The [MPDS platform](https://mpds.io) is the main data source for generating the simulation inputs and checking the simulation results. An access to the binary compounds data subset is free, one should [login at the MPDS](https://mpds.io/#modal/login) and get the MPDS API key:

```shell
export MPDS_KEY=...
```
(Please do not forget to withdraw _i.e._ invalidate the API key after finishing the work.)

A template system is used to control the calculation parameters, see the `mpds_aiida/calc_templates` subfolder. Note, that the `options: resources` template directive makes no sense with our custom cloud scheduler. The `cluster`, `codes`, and `basis_family` template directives have to be specified exactly as defined above.

The following on-demand cloud providers are currently supported (resp. `yascheduler` directives given in brackets):

- [Hetzner](https://www.hetzner.com/cloud) (`hetzner_token`, `hetzner_max_nodes`), API token must be issued for a project
- [Upcloud](https://upcloud.com) (`upcloud_login`, `upcloud_pass`, `upcloud_max_nodes`), API permissions are set in account settings

At the moment of writing, the chosen default Hetzner configuration (CX51) runs a test task for **2-2.5 hours** on average and costs **EUR 35.88** per month, the chosen default Upcloud configuration (8 cores, 4Gb memory) runs a test task for **1.5 hours** on average and costs **$89** per month.

More examples are given in the `scripts` subfolder.

An operation principle is briefly illustrated below.

![General workflow](https://raw.githubusercontent.com/mpds-io/mpds-aiida/master/workflow.png "General workflow")

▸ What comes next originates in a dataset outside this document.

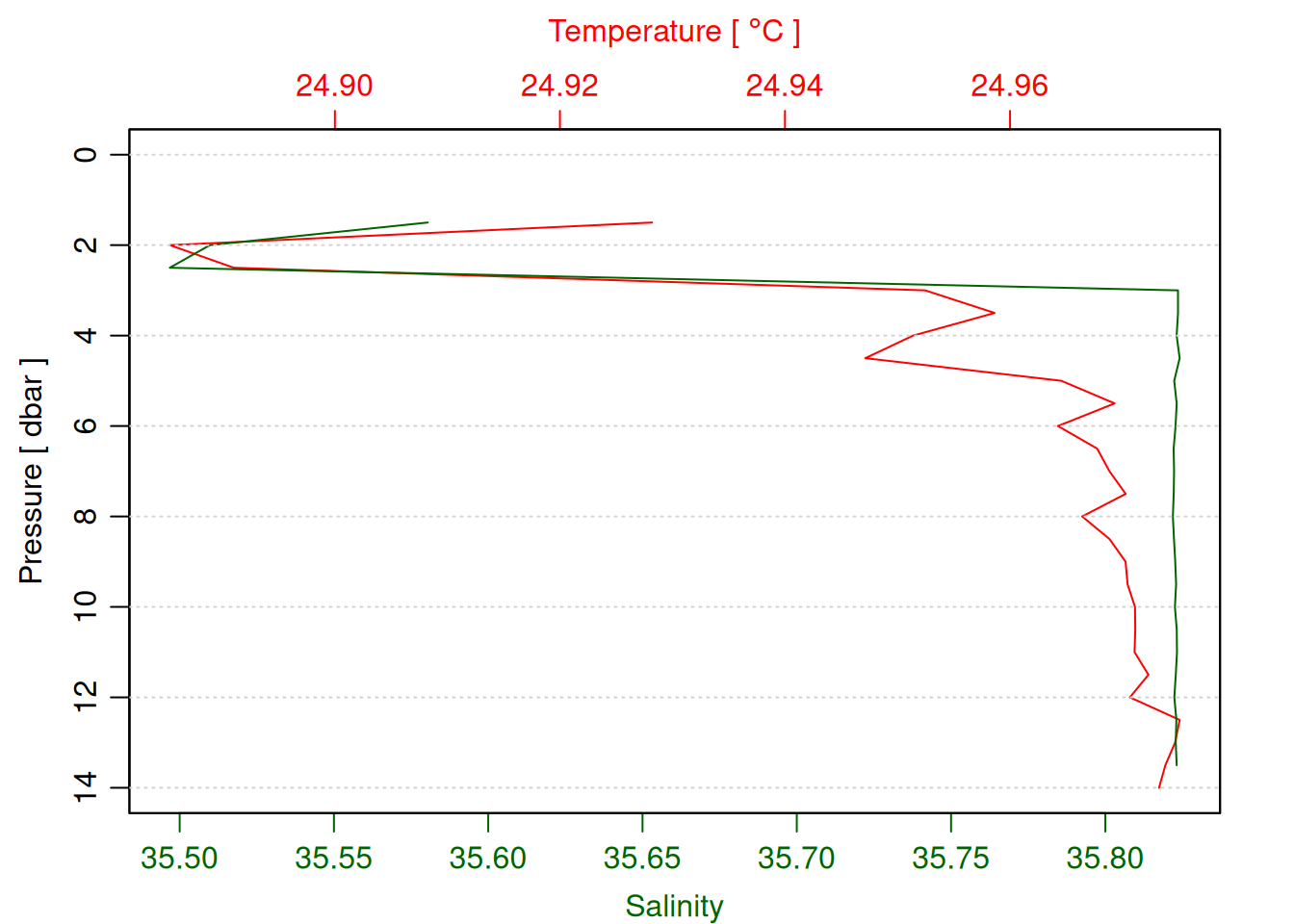 tryCatch({ oce::plotProfile(decimated_cast)# TODO: plot chl & do (prereq handle other_params in ctd_load_from_csv call above)}, error =function(e) {print("decimated cast not found")})

Note: this repo is subject to change and presents an ongoing work in progress.

## Licensing

- This code: [MIT](https://en.wikipedia.org/wiki/MIT_License)
- CRYSTAL engine: [commercial](https://www.crystal.unito.it)

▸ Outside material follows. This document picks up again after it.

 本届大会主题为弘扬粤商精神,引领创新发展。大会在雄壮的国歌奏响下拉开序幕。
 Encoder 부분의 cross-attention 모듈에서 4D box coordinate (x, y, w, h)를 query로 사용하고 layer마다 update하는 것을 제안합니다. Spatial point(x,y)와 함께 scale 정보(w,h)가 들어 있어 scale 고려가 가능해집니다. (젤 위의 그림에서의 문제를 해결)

The resulting data are available at the [MPDS platform](https://mpds.io/search/ab%20initio%20calculations), according to the CC BY 4.0 license.

## Issues and troubleshooting

Please, report any issues in the respective repositories: [aiida-crystal-dft](https://github.com/tilde-lab/aiida-crystal-dft), [yascheduler](https://github.com/tilde-lab/yascheduler), [mpds-ml-labs](https://github.com/mpds-io/mpds-ml-labs), [aiida](https://github.com/aiidateam/aiida-core), [mpds_client](https://github.com/mpds-io/mpds_client), _etc._

The Google Cloud machines need first to be prepared via the web-browser SSH console (note `sudo -i`). The file `/etc/ssh/sshd_config` should be changed to allow `root` user to log in.

The Amazon EC2 machines need first to be accessed with the `admin` user (note `sudo -i`). Then the file `/root/.ssh/authorized_keys` needs to be cleaned to allow `root` user to log in.